Bucks County's Gator Wranglers have busted another rogue reptile. The Wranglers, that would be Warminster public works director Buddy Mullen and animal control officer Craig Claycomb, plucked a 30-inch gator from a pond near a construction site for new homes in Northampton on Monday.

Warminster Township Public Works director Buddy Mullen shows off an alligator to his neighbors outside his Warminster home. The animal was found in a pond in New Hampton. (Bonnie Weller/Inquirer)
Warminster Township Public Works director Buddy Mullen shows off an alligator to his neighbors outside his Warminster home.

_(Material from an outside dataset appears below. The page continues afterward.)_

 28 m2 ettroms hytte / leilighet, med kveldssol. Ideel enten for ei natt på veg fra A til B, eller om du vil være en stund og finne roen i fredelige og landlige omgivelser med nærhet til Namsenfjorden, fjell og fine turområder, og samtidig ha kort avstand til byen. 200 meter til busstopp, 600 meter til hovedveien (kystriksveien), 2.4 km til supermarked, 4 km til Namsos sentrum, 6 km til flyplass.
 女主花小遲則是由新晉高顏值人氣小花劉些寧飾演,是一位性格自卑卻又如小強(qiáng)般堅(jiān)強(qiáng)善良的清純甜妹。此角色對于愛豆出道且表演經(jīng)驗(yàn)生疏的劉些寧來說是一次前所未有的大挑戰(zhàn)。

The animal was found in a pond in New Hampton. (Bonnie Weller/Inquirer)Read more

Bucks County's Gator Wranglers have busted another rogue reptile.

The Wranglers, that would be Warminster public works director Buddy Mullen and animal control officer Craig Claycomb, plucked a 30-inch gator from a pond near a construction site for new homes in Northampton on Monday.

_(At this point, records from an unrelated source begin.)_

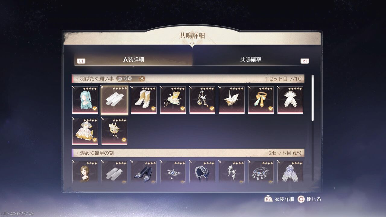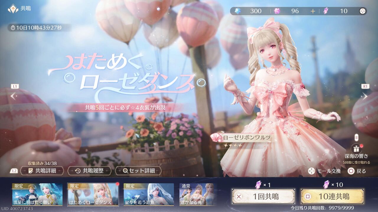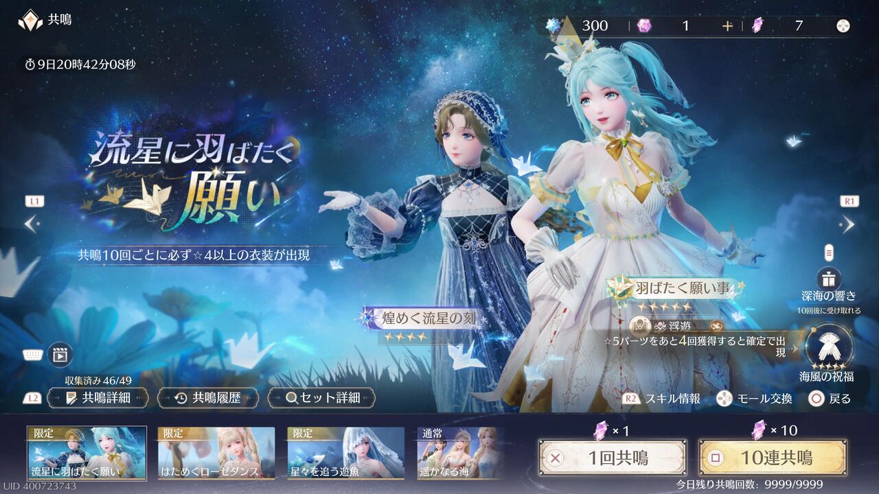 キツめのガチャもあるからね・・・。出てくる衣装は2種類。10連で1パーツ確定、かつ、片方の衣装が揃っても「2セット目」が始まるので、天井はあってないようなもんだよ・・・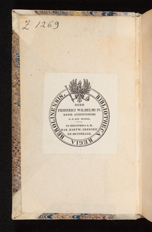 Der Clorinden Anderer Theil. Oder Liebs-Geschicht ... - ekslibris donacyjny „Bibliotheca Regia Berolinensis. Dono Friderici Wilhelmi IV Regis Augustissimi D. V. Nov. MDCCCL. Ex Bibliotheca B. M. Hartw. Gregorii De Meusebach.”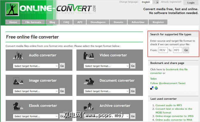 在尝试在Online-Convert.com上进行首次文件转换之前,您可以快速检查支持的文件类型。在右上方的小框中,弹出要转换的文件类型。点击转到,查看该网站是否支持您的需求。然后,当您准备就绪时,可以在主页上的音频,视频,图像,文档,电子书或存档转换器中进行选择。

Last June, Mullen, Claycomb and another animal control officer, wrangled a five-footer and a three-footer from Pennypack Creek in Bryn Athyn. Two more alligators were captured in a creek in Berks County last summer.

And that doesn't include one spotted last week by a fisherman in Kohler Park in Horsham.

"We get a lot of other stuff. We had emus the other month. We had a parrot, lizards, snakes, tortoises," said Mullen.

The latest gator was spotted by children playing near the pond on Buck Road, he said. They told their mother, who called Northampton police.

To get their prey, Claycomb put on chest waders and walked into the waist-high muck, while Mullen - lucky dog or maybe just top dog - spotted him from the bank.

Their bait? "Craig," laughed Mullen.

When they saw the animal swimming across the pond, Claycomb nabbed it with a net. Once out of the water, the men taped the gator's mouth shut and put it in a truck.

"We still got all our fingers and toes. We're doing good," he said.

The creature is probably a youngster who was someone's pet. People buy gators then release them when they grow from adorable hatchling into scary beast.

Joe Fortunato, aka Jungle Joe, who hosts wildlife children's parties and is opening a teaching zoo, Animal Junction in Warminster, said it's a big problem.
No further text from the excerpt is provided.